Task prompt>
Please write out only the lines from the line with "L' immobile è" to the line with "Cet élégant étui", inclusive, exactly as they stand below, without the pictures.

Data>
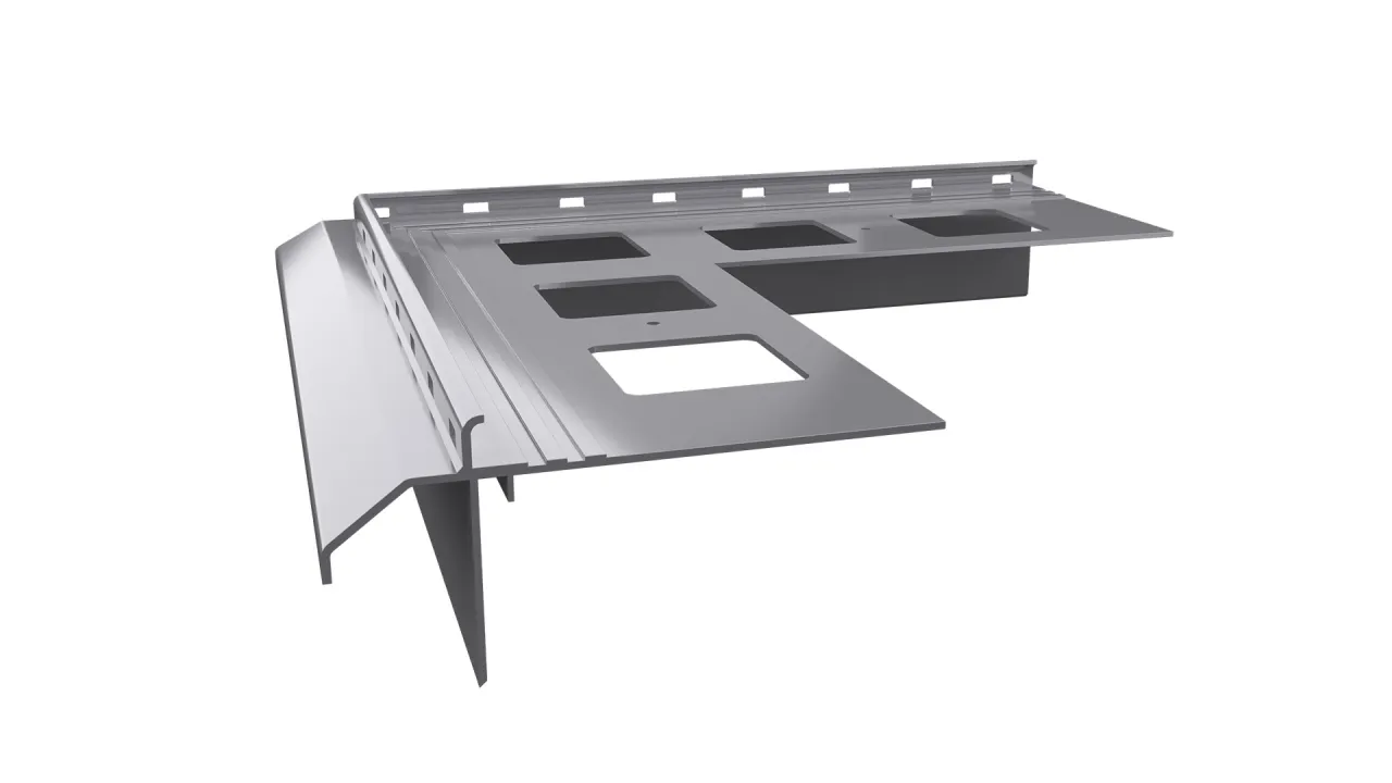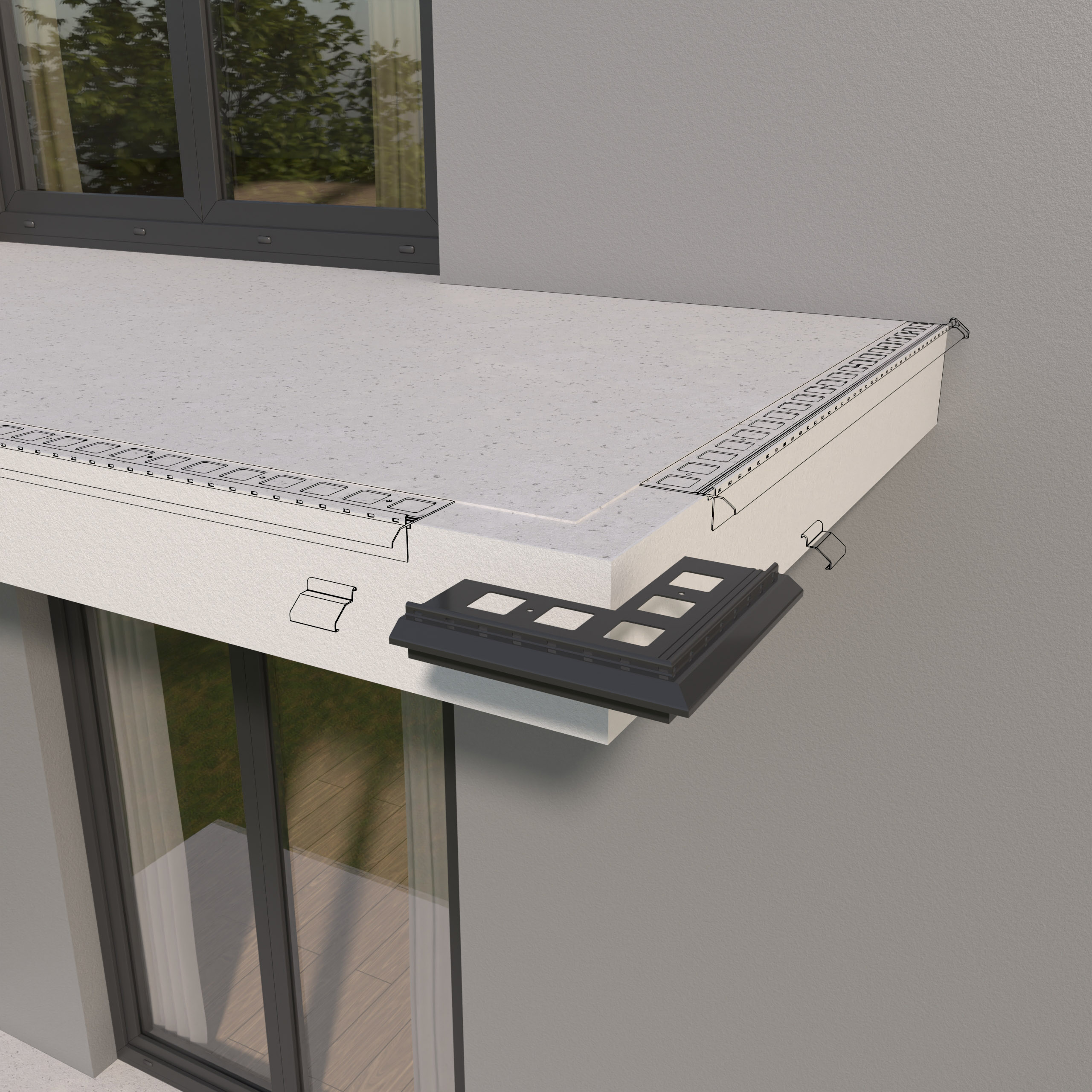 Narożnik zewnętrzny K20R 90 jest elementem systemowego wykonania okapu profilami K20R, który służy do wykończenia naroży zewnętrznych tarasu i balkonu o kącie 90 stopni.
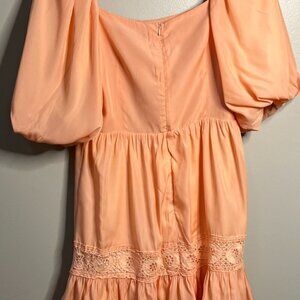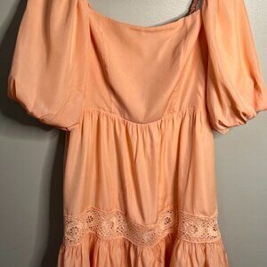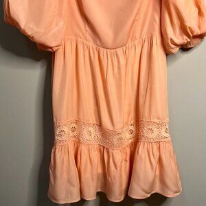 Mini Dress In Pink With Off-The-Shoulder Design, Puff Sleeves, Embroidered Accents, And Self-Tie Waist Sash
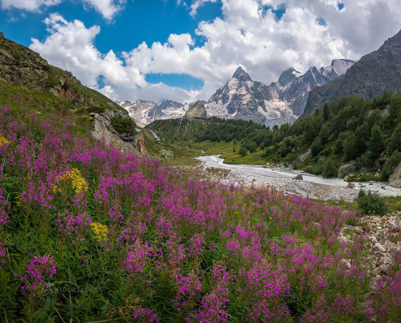 северный кавказ, горы, гора, вершина, путешествие, туризм, хребет, цветы, цветение, луг, лето, река, облака, иван-чай, открытка, Лашков Фёдор
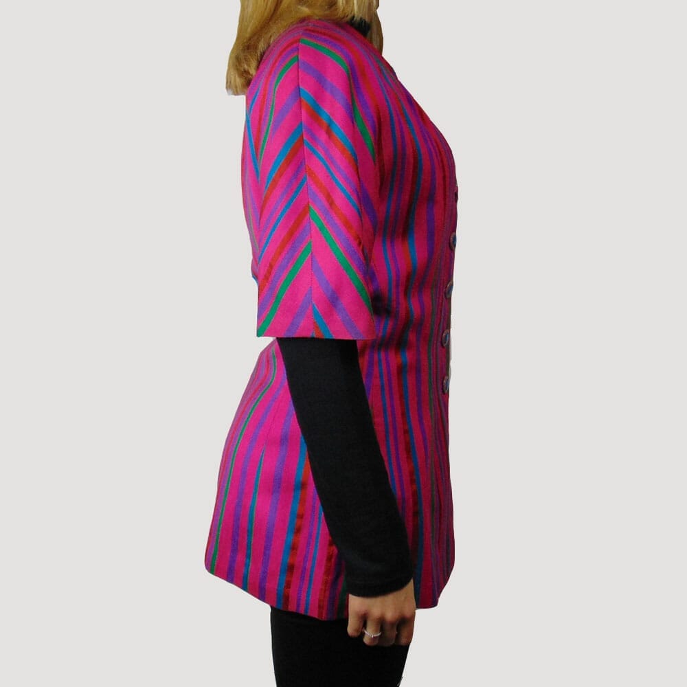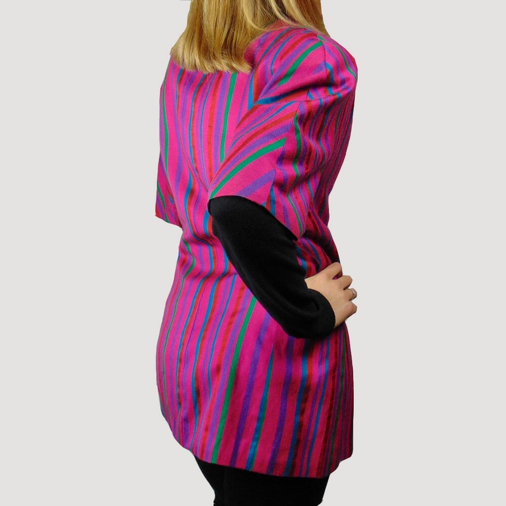 Giacca a maniche corte degli anni’80 in shantung di seta stampato a righe verticali. Taglia 42, con chiusura a 5 bottoni e spalline imbottite, cade bene lungo i fianchi. Di fattura sartoriale, foderata e in ottime condizioni, come nuovo.
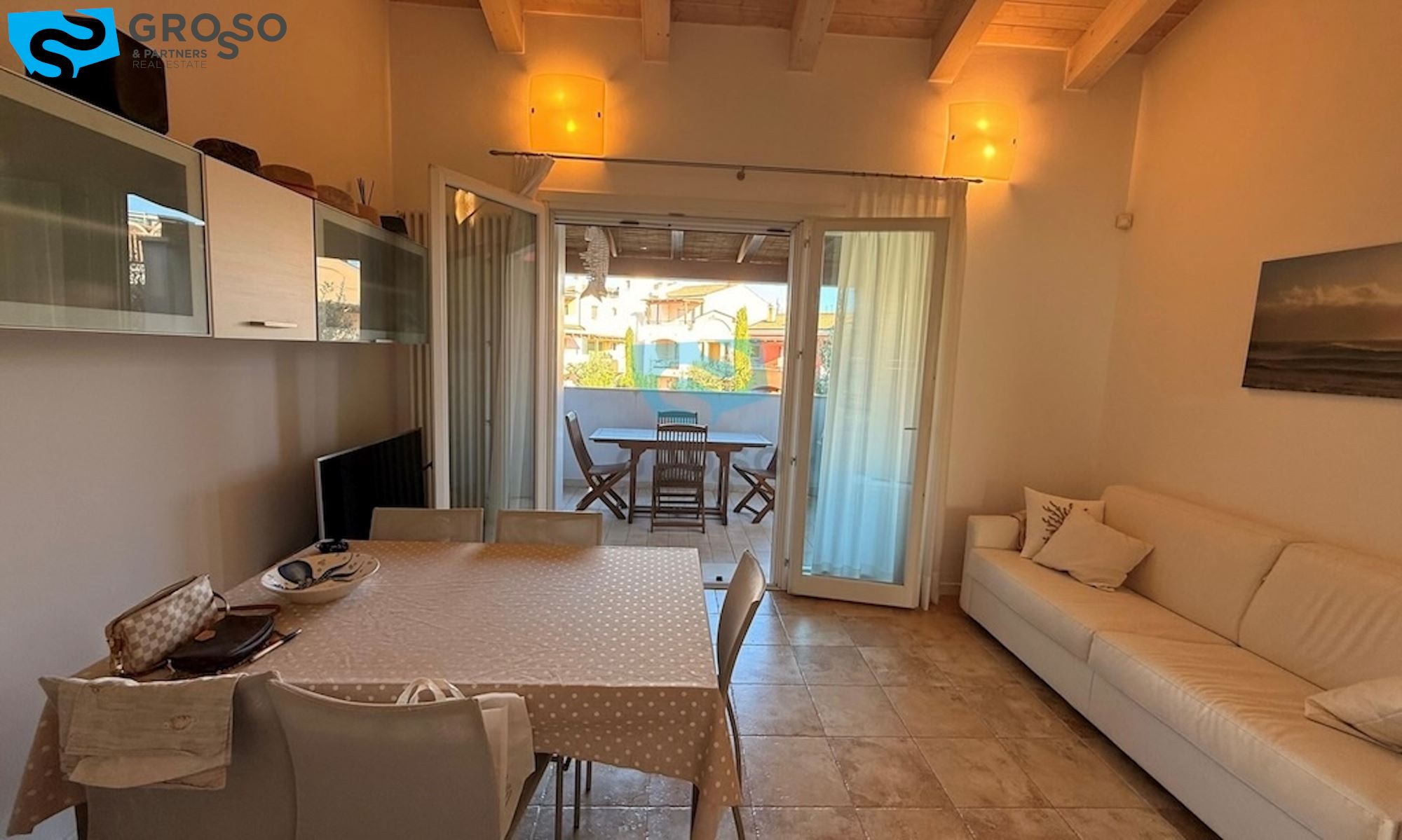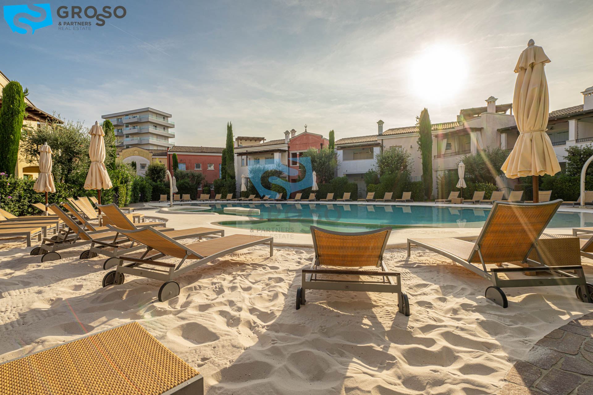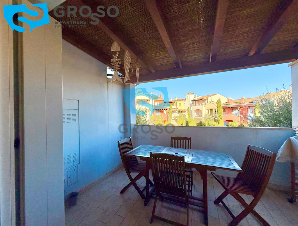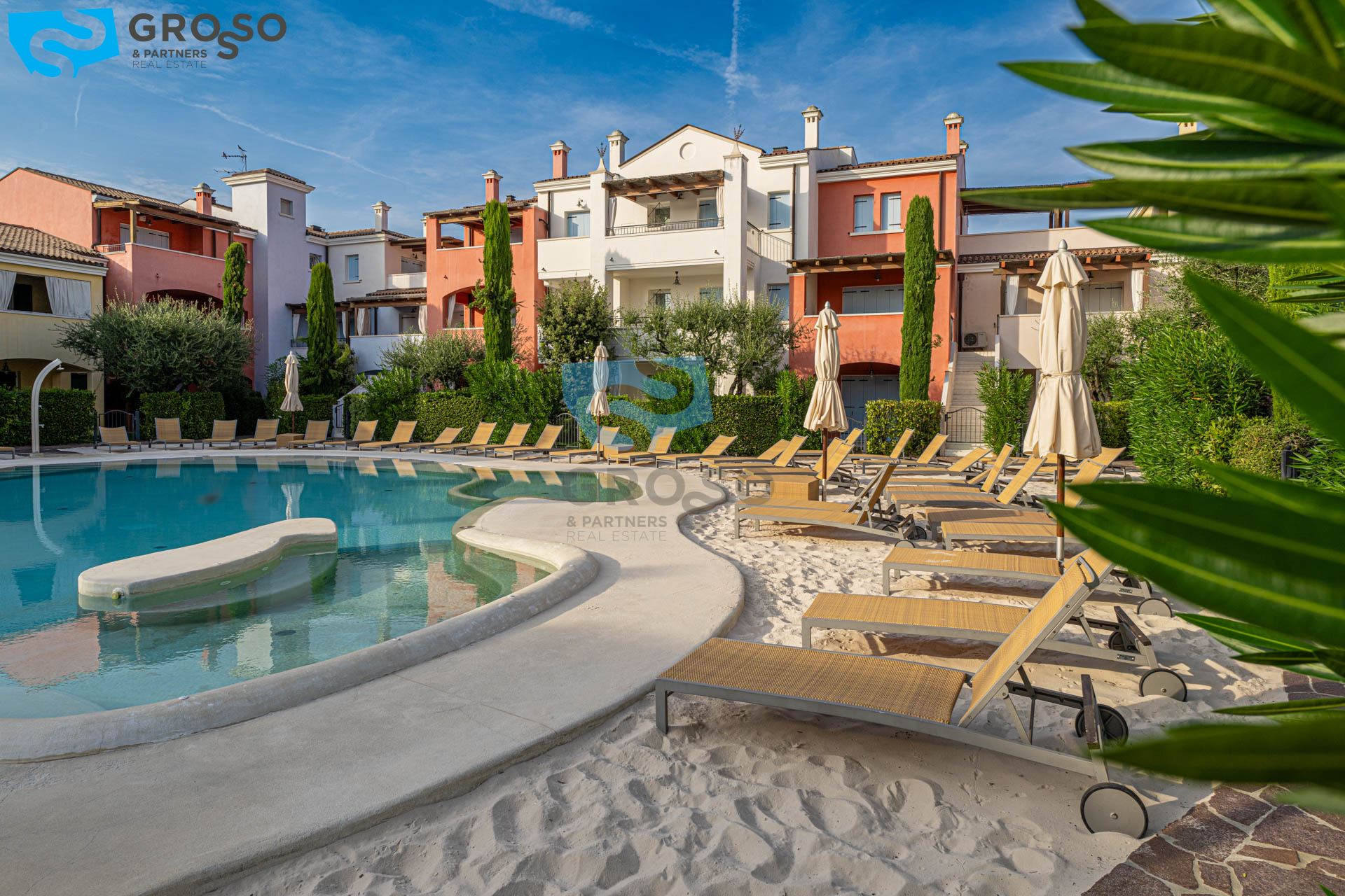 L' immobile è composto da un ampio soggiorno con angolo cottura, perfettamente integrato nella zona living e con accesso diretto alla terrazza coperta, spazio ideale per pranzi e cene all'aperto con affaccio sulla splendida piscina condominiale. La zona notte comprende una camera matrimoniale, una cameretta e un bagno finestrato dotato di tutti i comfort.
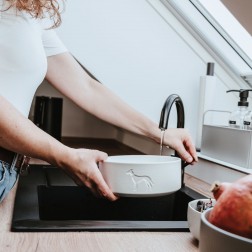 Időtlen linearitás és átgondolt funkcionalitás jellemzi az OSBY kerámia tálat. A négylábú barátok élvezik a napi ételadagjukat és a friss vizet a kellemesen nehéz étel- vagy itatótálból. A természetes színek és a klasszikus forma az elegánsan domborított kutyasziluettel az eredetiség és a tartósság érzését közvetítik. Az alján található szilikon peremnek és a viszonylag nagy súlynak köszönhetően a tál különösen biztonságos, és az érzékeny kutyák is könnyen elfogadják. Ha tartós, stabil és könnyen kezelhető edényt keres, jó döntést hozott az OSBY-val.
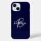 Cet élégant étui de téléphone personnalisé présente un monogramme et un prénom dans un script gris et blanc moderne sur un arrière - plan bleu marine tendance.
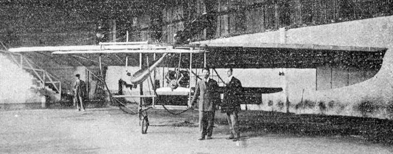 Construction of Papin and Rouilly’s Gyroptere began in February 1914 and was completed in June of the same year. The prototype was named Chrysalis (Chrysalide). Constructed of molded wood, the Gyroptere was well built with compound curves and a smooth sweep of its single, long, airfoil-shaped blade. The fabric-covered blade was hollow and approximately 19.5 ft (5.9 m) long and 4.4 ft (1.33 m) wide, giving it an area of 130 sq ft (12 sq m). The blade was counterbalanced by an 80 hp (60 kW), nine-cylinder Le Rhone rotary engine. The pilot occupied a nacelle between the blade and engine. The bottom of the nacelle included a structure to support the machine while it was on the ground or act as a float when on water.
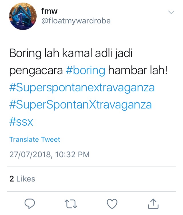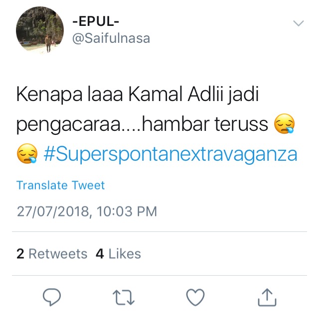 Pelakon Kamal Adli telah menerima kritikan netizen apabila menggantikan Datuk AC Mizal sebagai pengacara program Super Spontan Extravanganza (SSX) yang berlangsung malam tadi.
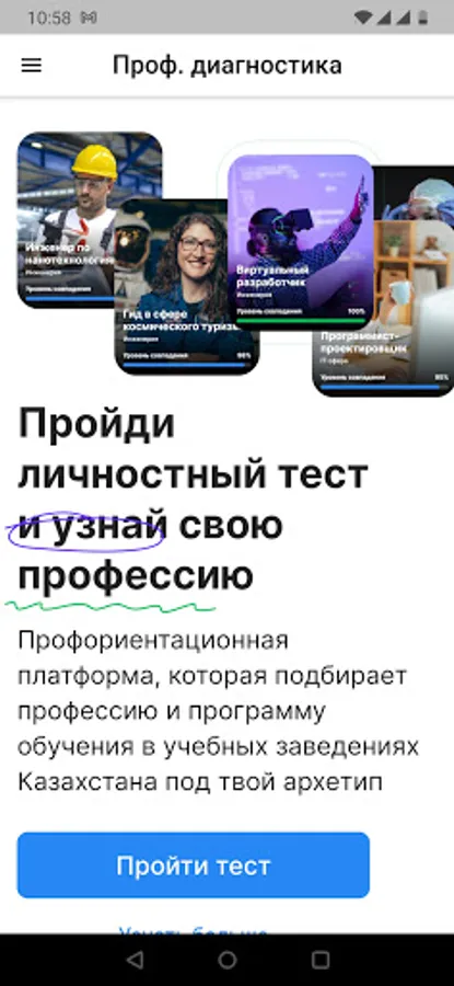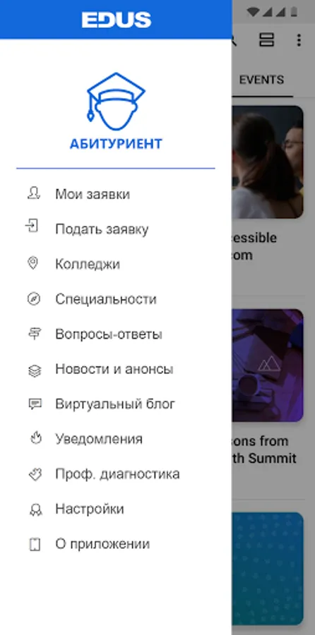 This mobile application helps applicants and graduates of 9th and 11th grade schools to study in detail various specialties and qualifications of technical and vocational education, their availability in selected colleges, apply for admission online, and also undergo various specialized testing in order to assessment and definition of their capabilities and abilities.

Result below>
 L' immobile è composto da un ampio soggiorno con angolo cottura, perfettamente integrato nella zona living e con accesso diretto alla terrazza coperta, spazio ideale per pranzi e cene all'aperto con affaccio sulla splendida piscina condominiale. La zona notte comprende una camera matrimoniale, una cameretta e un bagno finestrato dotato di tutti i comfort.
 Időtlen linearitás és átgondolt funkcionalitás jellemzi az OSBY kerámia tálat. A négylábú barátok élvezik a napi ételadagjukat és a friss vizet a kellemesen nehéz étel- vagy itatótálból. A természetes színek és a klasszikus forma az elegánsan domborított kutyasziluettel az eredetiség és a tartósság érzését közvetítik. Az alján található szilikon peremnek és a viszonylag nagy súlynak köszönhetően a tál különösen biztonságos, és az érzékeny kutyák is könnyen elfogadják. Ha tartós, stabil és könnyen kezelhető edényt keres, jó döntést hozott az OSBY-val.
 Cet élégant étui de téléphone personnalisé présente un monogramme et un prénom dans un script gris et blanc moderne sur un arrière - plan bleu marine tendance.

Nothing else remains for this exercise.